In June 2016, she took part in her first magazine shoot for British Vogue's centenary issue, appearing on the cover. The shoot took place on the Sandringham Estate; Catherine was involved in selecting her wardrobe of "off-duty jeans and shirts" reflecting her love of the countryside. The spread was dubbed as the "most personal and natural royal portraits ever undertaken by Vogue". The photoshoot was done in collaboration with her patronage, the National Portrait Gallery, where two pictures from the shoot were displayed.
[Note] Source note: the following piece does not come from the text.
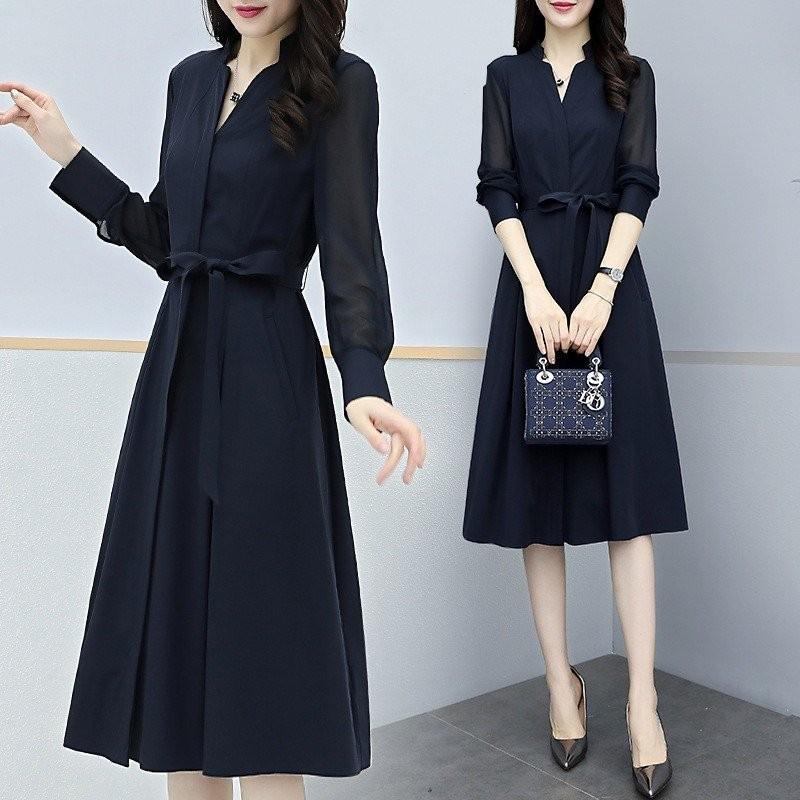 ワンピース レディース 春夏 きれいめ 膝丈 上品 長袖 シフォン ワンピース vネック 着痩せ 通勤 結婚式ドレス お出かけ オシャレ 30代40代50代 inter30 intertech1ヤフーショッピング店 通販 yahoo ショッピング

In 2018, Tatler named her on its list of Britain's best dressed people, praising her for "recycling her looks, rather than wearing them as one-offs", as well as her use of "both high street and high-end brands". She topped Tatlers Best Dressed List in 2022.
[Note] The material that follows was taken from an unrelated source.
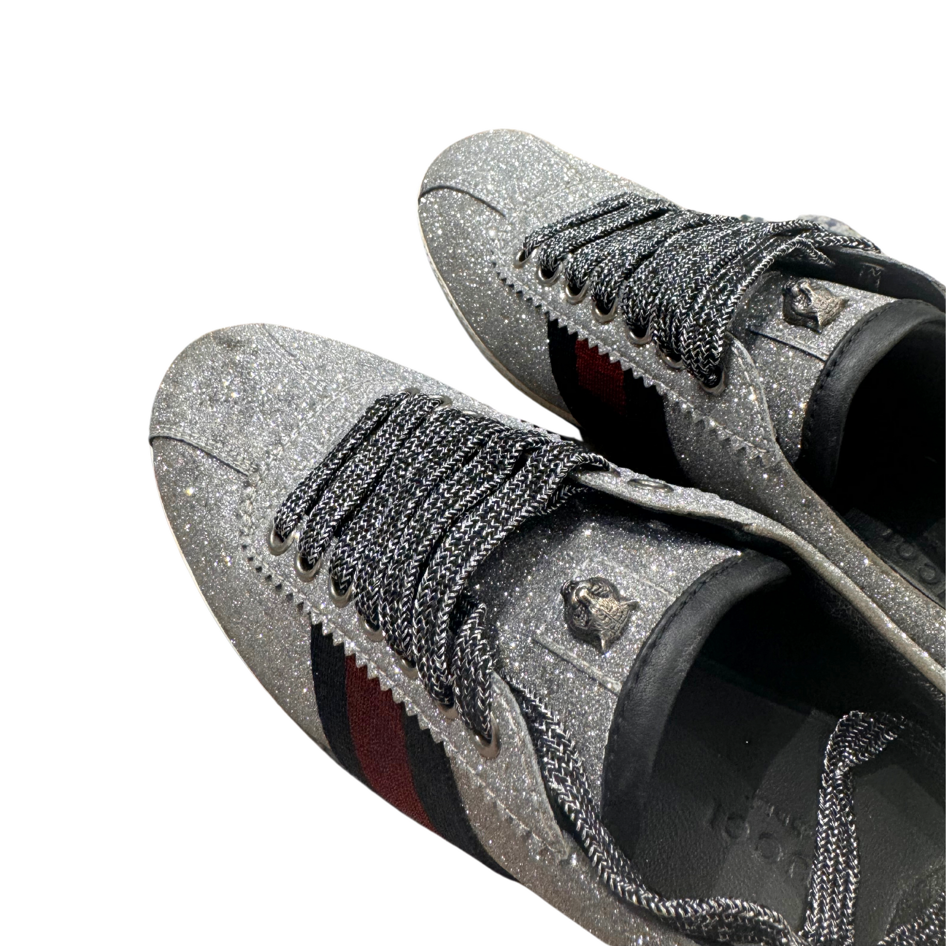 Sneakers di Gucci brillantinate argento. Fascia web laterale blu e rossa. Lacci argento e bocchette nella parte posteriore in corrispondenza del tallone. Suola in gomma bianca, interno in pelle.

The "Kate Middleton effect" is the trend that the Princess is reported to have had in sales of particular products and brands. In 2018, Brand Finance's research cited Catherine as the "Most Powerful Royal Fashion Influencer", retaining that pieces in her wardrobe increase desirability among 38 percent of American shoppers. The Princess has been credited for popularizing nude pumps and hosiery in the early years of her marriage. During daytime engagements, she has been noted to favor coatdresses, tea dresses, waxed jackets, lavallière blouses, blazers, and skinny jeans. While Catherine wears items from many new designers, she has also worn dresses by Catherine Walker, who designed many of Diana's favourite evening gowns and day suits. She has worn outfits, hats and ensembles by many other fashion designers. The brands she favours are noted in the media. Catherine has worn Jenny Packham numerous times, most notably outside the Lindo Wing after giving birth to each of her children in 2013, 2015, and 2018 respectively, and at the No Time to Die premiere in London when she appeared in a dress inspired by Shirley Eaton's character in Goldfinger. Alexander McQueen has been referred to as Catherine's "go-to" brand since her wedding in 2011, and she has worn designs to several annual events including Trooping the Colour, Royal Ascot and the British Academy Film Awards, as well as state banquets and receptions. She has worn several high-street brands during official engagements and projects, most frequently Topshop and Zara. Believed to be influenced by the style and fashion choices of Diana, Princess of Wales, Catherine has developed a "caring wardrobe" similar to that of her mother-in-law, with colourful fabrics, skirt suits, and bright hues suitable for visiting hospitals and schools.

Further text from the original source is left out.